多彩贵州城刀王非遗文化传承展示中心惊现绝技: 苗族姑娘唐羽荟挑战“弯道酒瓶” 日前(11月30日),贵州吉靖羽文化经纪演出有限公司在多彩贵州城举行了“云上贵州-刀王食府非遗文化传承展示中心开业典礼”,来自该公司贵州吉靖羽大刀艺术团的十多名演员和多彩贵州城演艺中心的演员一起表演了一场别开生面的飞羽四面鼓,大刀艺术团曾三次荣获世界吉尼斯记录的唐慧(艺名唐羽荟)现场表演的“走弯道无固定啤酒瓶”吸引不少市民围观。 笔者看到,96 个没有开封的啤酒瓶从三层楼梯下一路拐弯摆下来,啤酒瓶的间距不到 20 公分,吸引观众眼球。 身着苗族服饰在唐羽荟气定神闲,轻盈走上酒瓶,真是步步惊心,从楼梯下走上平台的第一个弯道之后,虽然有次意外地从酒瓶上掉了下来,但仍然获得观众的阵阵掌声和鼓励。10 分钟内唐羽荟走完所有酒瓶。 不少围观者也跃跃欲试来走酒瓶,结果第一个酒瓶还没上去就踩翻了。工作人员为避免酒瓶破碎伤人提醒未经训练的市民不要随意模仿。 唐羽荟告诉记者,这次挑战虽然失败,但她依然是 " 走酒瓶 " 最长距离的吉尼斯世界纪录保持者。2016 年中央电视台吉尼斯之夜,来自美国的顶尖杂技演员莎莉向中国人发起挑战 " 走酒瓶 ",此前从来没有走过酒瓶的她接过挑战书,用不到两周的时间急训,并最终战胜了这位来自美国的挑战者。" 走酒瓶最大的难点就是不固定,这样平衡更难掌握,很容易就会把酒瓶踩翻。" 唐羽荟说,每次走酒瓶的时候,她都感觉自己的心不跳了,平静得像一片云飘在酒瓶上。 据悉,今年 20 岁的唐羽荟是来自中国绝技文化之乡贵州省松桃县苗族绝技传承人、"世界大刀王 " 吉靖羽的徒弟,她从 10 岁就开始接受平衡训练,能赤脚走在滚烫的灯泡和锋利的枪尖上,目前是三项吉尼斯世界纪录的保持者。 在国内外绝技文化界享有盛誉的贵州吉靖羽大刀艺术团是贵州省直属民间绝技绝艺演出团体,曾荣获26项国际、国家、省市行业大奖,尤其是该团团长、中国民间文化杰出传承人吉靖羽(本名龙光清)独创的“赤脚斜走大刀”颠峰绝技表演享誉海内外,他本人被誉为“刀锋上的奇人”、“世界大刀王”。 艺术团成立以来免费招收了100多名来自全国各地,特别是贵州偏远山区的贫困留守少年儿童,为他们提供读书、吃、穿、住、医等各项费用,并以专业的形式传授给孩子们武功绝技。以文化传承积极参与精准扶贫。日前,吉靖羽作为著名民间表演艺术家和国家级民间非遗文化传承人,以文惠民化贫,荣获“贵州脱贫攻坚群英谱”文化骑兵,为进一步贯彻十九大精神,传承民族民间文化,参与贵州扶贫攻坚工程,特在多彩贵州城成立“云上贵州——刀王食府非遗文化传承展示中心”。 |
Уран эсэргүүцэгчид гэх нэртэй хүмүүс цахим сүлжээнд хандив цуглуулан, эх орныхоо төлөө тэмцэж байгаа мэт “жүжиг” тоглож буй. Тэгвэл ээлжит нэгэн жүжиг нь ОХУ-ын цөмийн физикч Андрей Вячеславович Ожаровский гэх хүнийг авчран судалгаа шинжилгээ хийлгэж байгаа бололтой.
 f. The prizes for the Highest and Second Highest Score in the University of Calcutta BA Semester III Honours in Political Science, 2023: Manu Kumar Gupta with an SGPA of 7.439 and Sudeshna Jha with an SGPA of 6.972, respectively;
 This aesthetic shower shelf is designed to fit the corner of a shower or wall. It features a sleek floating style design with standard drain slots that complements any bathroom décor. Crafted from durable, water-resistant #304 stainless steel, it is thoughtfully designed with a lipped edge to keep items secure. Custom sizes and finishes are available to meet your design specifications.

^^^^

- [WHAT TO PRODUCE]: All of the data above should be reproduced word for word.

- [OUTPUT OF THE TASK]:
多彩贵州城刀王非遗文化传承展示中心惊现绝技: 苗族姑娘唐羽荟挑战“弯道酒瓶” 日前(11月30日),贵州吉靖羽文化经纪演出有限公司在多彩贵州城举行了“云上贵州-刀王食府非遗文化传承展示中心开业典礼”,来自该公司贵州吉靖羽大刀艺术团的十多名演员和多彩贵州城演艺中心的演员一起表演了一场别开生面的飞羽四面鼓,大刀艺术团曾三次荣获世界吉尼斯记录的唐慧(艺名唐羽荟)现场表演的“走弯道无固定啤酒瓶”吸引不少市民围观。 笔者看到,96 个没有开封的啤酒瓶从三层楼梯下一路拐弯摆下来,啤酒瓶的间距不到 20 公分,吸引观众眼球。 身着苗族服饰在唐羽荟气定神闲,轻盈走上酒瓶,真是步步惊心,从楼梯下走上平台的第一个弯道之后,虽然有次意外地从酒瓶上掉了下来,但仍然获得观众的阵阵掌声和鼓励。10 分钟内唐羽荟走完所有酒瓶。 不少围观者也跃跃欲试来走酒瓶,结果第一个酒瓶还没上去就踩翻了。工作人员为避免酒瓶破碎伤人提醒未经训练的市民不要随意模仿。 唐羽荟告诉记者,这次挑战虽然失败,但她依然是 " 走酒瓶 " 最长距离的吉尼斯世界纪录保持者。2016 年中央电视台吉尼斯之夜,来自美国的顶尖杂技演员莎莉向中国人发起挑战 " 走酒瓶 ",此前从来没有走过酒瓶的她接过挑战书,用不到两周的时间急训,并最终战胜了这位来自美国的挑战者。" 走酒瓶最大的难点就是不固定,这样平衡更难掌握,很容易就会把酒瓶踩翻。" 唐羽荟说,每次走酒瓶的时候,她都感觉自己的心不跳了,平静得像一片云飘在酒瓶上。 据悉,今年 20 岁的唐羽荟是来自中国绝技文化之乡贵州省松桃县苗族绝技传承人、"世界大刀王 " 吉靖羽的徒弟,她从 10 岁就开始接受平衡训练,能赤脚走在滚烫的灯泡和锋利的枪尖上,目前是三项吉尼斯世界纪录的保持者。 在国内外绝技文化界享有盛誉的贵州吉靖羽大刀艺术团是贵州省直属民间绝技绝艺演出团体,曾荣获26项国际、国家、省市行业大奖,尤其是该团团长、中国民间文化杰出传承人吉靖羽(本名龙光清)独创的“赤脚斜走大刀”颠峰绝技表演享誉海内外,他本人被誉为“刀锋上的奇人”、“世界大刀王”。 艺术团成立以来免费招收了100多名来自全国各地,特别是贵州偏远山区的贫困留守少年儿童,为他们提供读书、吃、穿、住、医等各项费用,并以专业的形式传授给孩子们武功绝技。以文化传承积极参与精准扶贫。日前,吉靖羽作为著名民间表演艺术家和国家级民间非遗文化传承人,以文惠民化贫,荣获“贵州脱贫攻坚群英谱”文化骑兵,为进一步贯彻十九大精神,传承民族民间文化,参与贵州扶贫攻坚工程,特在多彩贵州城成立“云上贵州——刀王食府非遗文化传承展示中心”。 |
Уран эсэргүүцэгчид гэх нэртэй хүмүүс цахим сүлжээнд хандив цуглуулан, эх орныхоо төлөө тэмцэж байгаа мэт “жүжиг” тоглож буй. Тэгвэл ээлжит нэгэн жүжиг нь ОХУ-ын цөмийн физикч Андрей Вячеславович Ожаровский гэх хүнийг авчран судалгаа шинжилгээ хийлгэж байгаа бололтой.
 f. The prizes for the Highest and Second Highest Score in the University of Calcutta BA Semester III Honours in Political Science, 2023: Manu Kumar Gupta with an SGPA of 7.439 and Sudeshna Jha with an SGPA of 6.972, respectively;
 This aesthetic shower shelf is designed to fit the corner of a shower or wall. It features a sleek floating style design with standard drain slots that complements any bathroom décor. Crafted from durable, water-resistant #304 stainless steel, it is thoughtfully designed with a lipped edge to keep items secure. Custom sizes and finishes are available to meet your design specifications.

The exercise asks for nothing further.